I battled the feeling for weeks, Dan, I was simply too...afraid to lose the precious little place I had managed to create for myself in your life. We had a strange interplay that happened in 24-hour diners and hospital corridors and staff rooms. Instead of tuxedos or nice clothes in general, for our outing we wore Nomex and blood-spattered scrubs and old lady shoes. Strawberries and whipped cream eaten off each other's lips became coffee drunk from cardboard cups and eaten with greasy sugar-glazed doughnuts. The jokes kept coming and the talk about nothing in particular, while we remained a mystery for each other. I was guilty worse than you, since the three words, "I am gay", I found to be almost impossible to utter.

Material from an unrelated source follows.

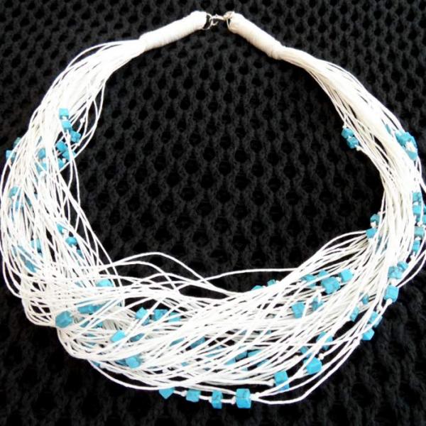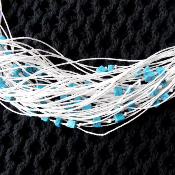Bogaty naszyjnik z kostek turkusowego howlitu i mnóstwa nitek bielutkiej dratwy lnianej, zapinany na karabińczyk, z regulacją długości - łańcuszek 5 cm dł.

Hell, I had done it before, there were a couple of co-workers, like nurse Linda, who had guessed the way I swung despite the fact that I was pretty much transparent in that respect. It didn't matter to them that I was gay, why should you be any different? Then I again had to remind myself that you were the one who had slept on my couch and sat next to me in a dark movie theatre and used my shampoo and sometimes gave me the best manhugs in the world. Seriously, I felt almost a little bit girly when that happened, and even if it wasn't often, I'd end up being giddy all over and walk in trance until your warmth evaporated from my furs.
One afternoon in March, I helped to suture a wound on the forehead of a fox who had been involved in a minor car crash with his life partner, a cheetah. Nurse Linda had delegated this assignment for me with a gently whispered opinion that I might be able to help the best if the incident would arise other kind of issues. They were actually a happy couple who simply had been tailgated, so at least I didn't have to start giving out domestic violence education. I even felt a slight twinge of envy as I watched the gently smiling cheetah stroke his lover's arm compassionately while I stood there, wearing a surgical mask and handing over the syringe of lidocaine for Dr. Anderson.

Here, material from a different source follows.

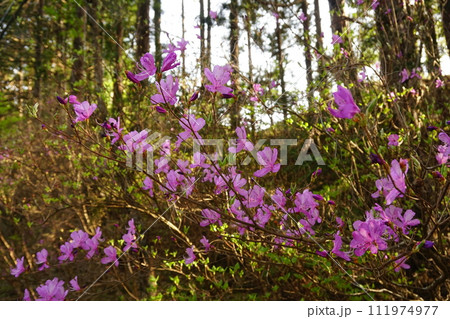 木漏れ日を背景に森の中に咲くミツバツツジの花 Ver1

The bandaged couple was moved to observation and I made my way to the staff room to get a change since my shift was just about to end. I felt tired and emotionally spent and not to mention icky under my scrubs. All that was forgotten when I saw the familiar form of a certain firelion sitting on the couch and drinking coffee. We traded a quick hello and started to chat, and I went to get a coffee and asked what you were doing there. My heart leaped involuntarily when you told me that your shift had ended and you had decided to stay in for a while and see if you could catch me. We ended up into the position where we had been before a few times before, sharing the couch while drinking coffee and chatting. At least this time it wasn't in order to get the shock of a particularly bad case out of the system.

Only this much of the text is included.